PROBLEM STATEMENT ▸ The material below holds the lines to copy: from the one with "За дирижерским пультом" up to and including the one with "Number: 03**** |". Copy them exactly and skip the pictures.

DATA TO USE ▸
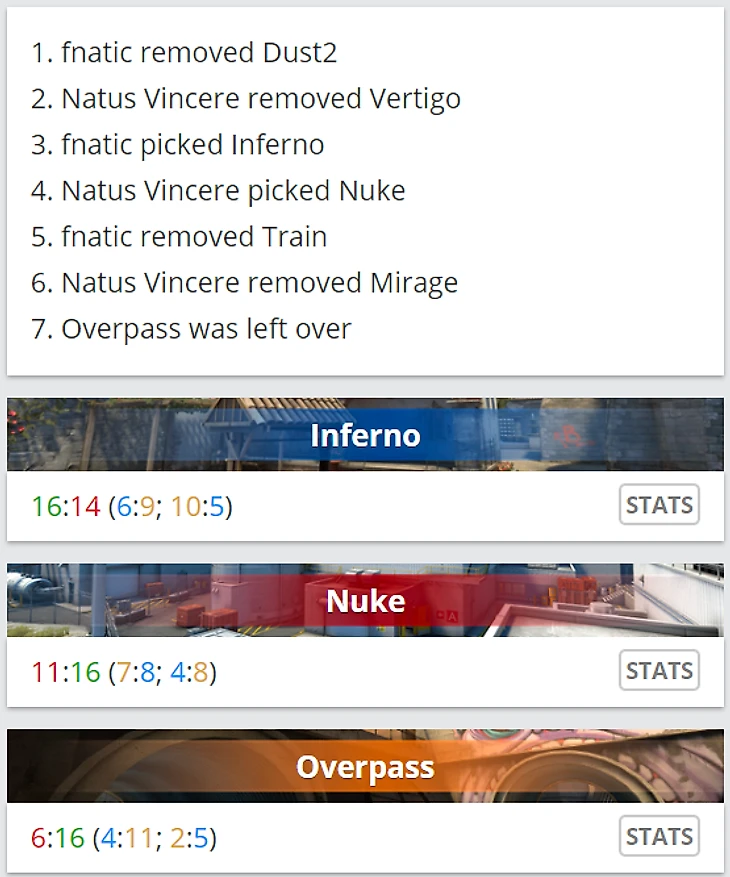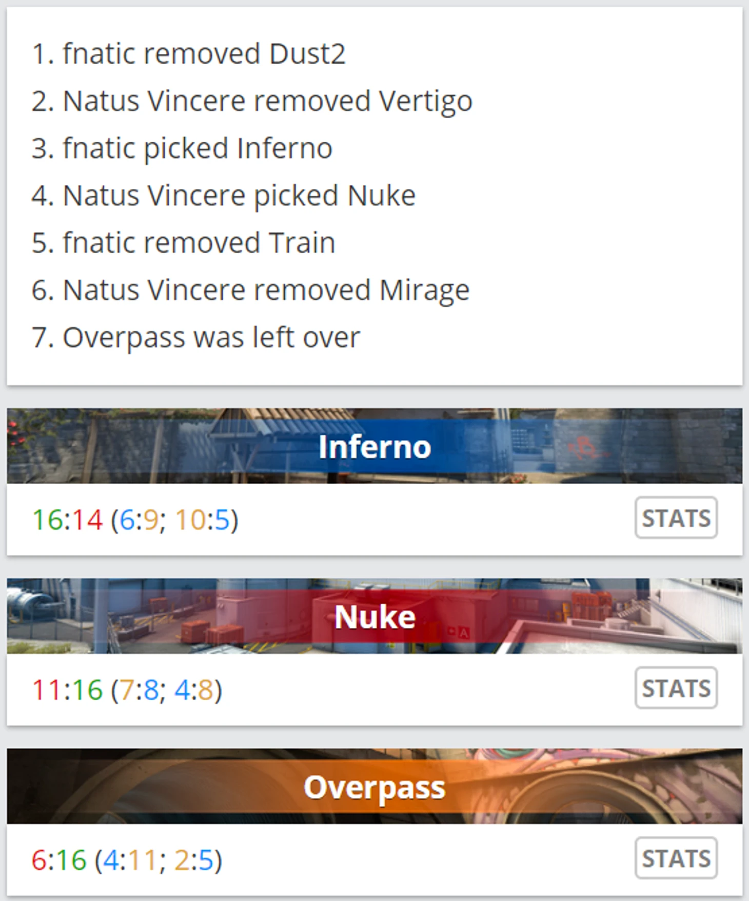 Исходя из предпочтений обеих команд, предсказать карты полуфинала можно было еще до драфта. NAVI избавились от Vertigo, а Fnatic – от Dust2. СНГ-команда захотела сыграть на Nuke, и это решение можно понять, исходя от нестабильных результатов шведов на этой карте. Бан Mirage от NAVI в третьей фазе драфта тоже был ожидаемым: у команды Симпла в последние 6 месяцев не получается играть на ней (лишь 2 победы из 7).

...

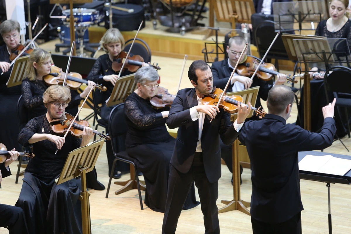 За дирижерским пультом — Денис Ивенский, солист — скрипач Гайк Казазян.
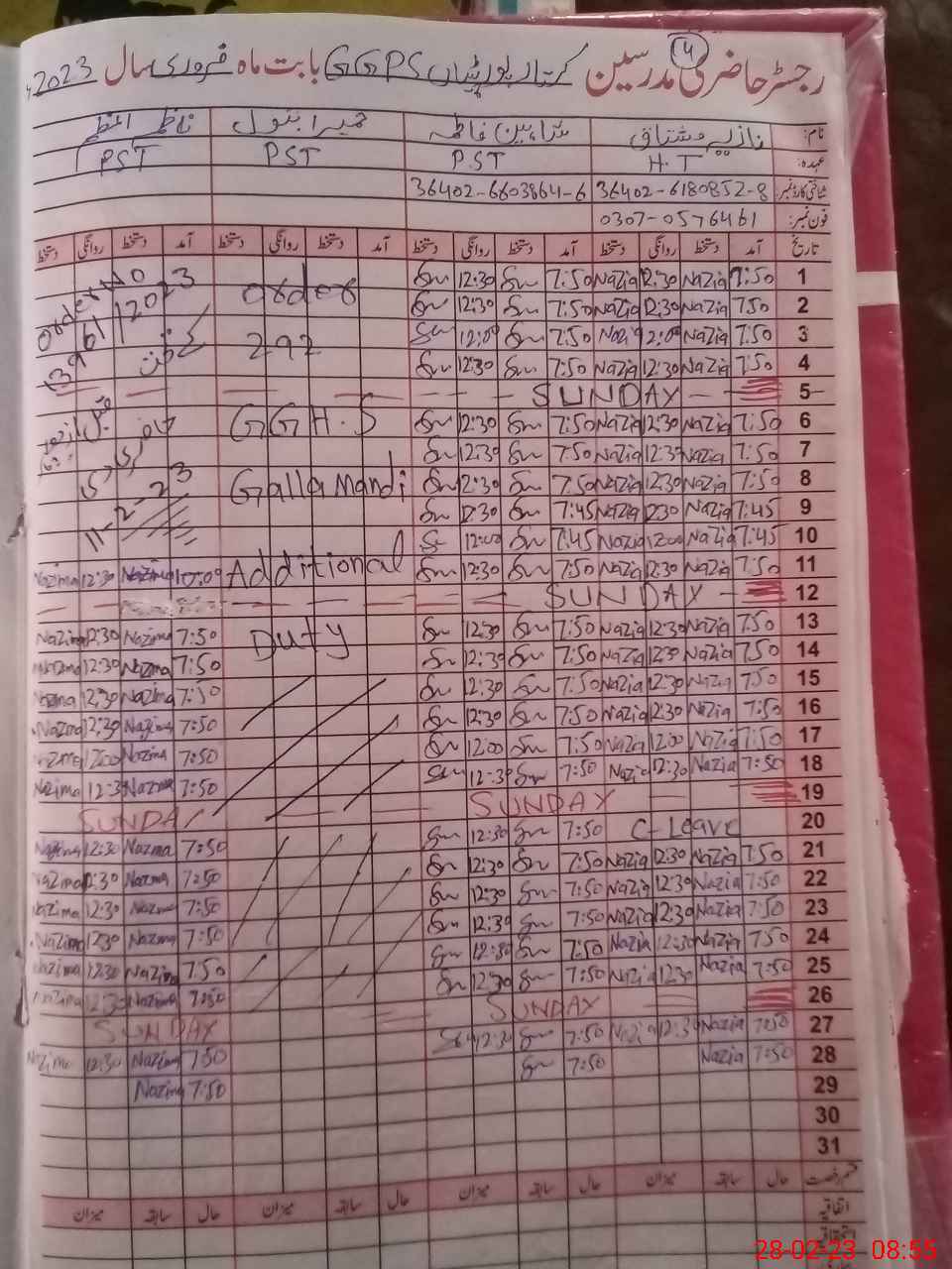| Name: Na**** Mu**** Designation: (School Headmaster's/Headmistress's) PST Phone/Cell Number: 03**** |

REPLY ▸
 За дирижерским пультом — Денис Ивенский, солист — скрипач Гайк Казазян.
| Name: Na**** Mu**** Designation: (School Headmaster's/Headmistress's) PST Phone/Cell Number: 03**** |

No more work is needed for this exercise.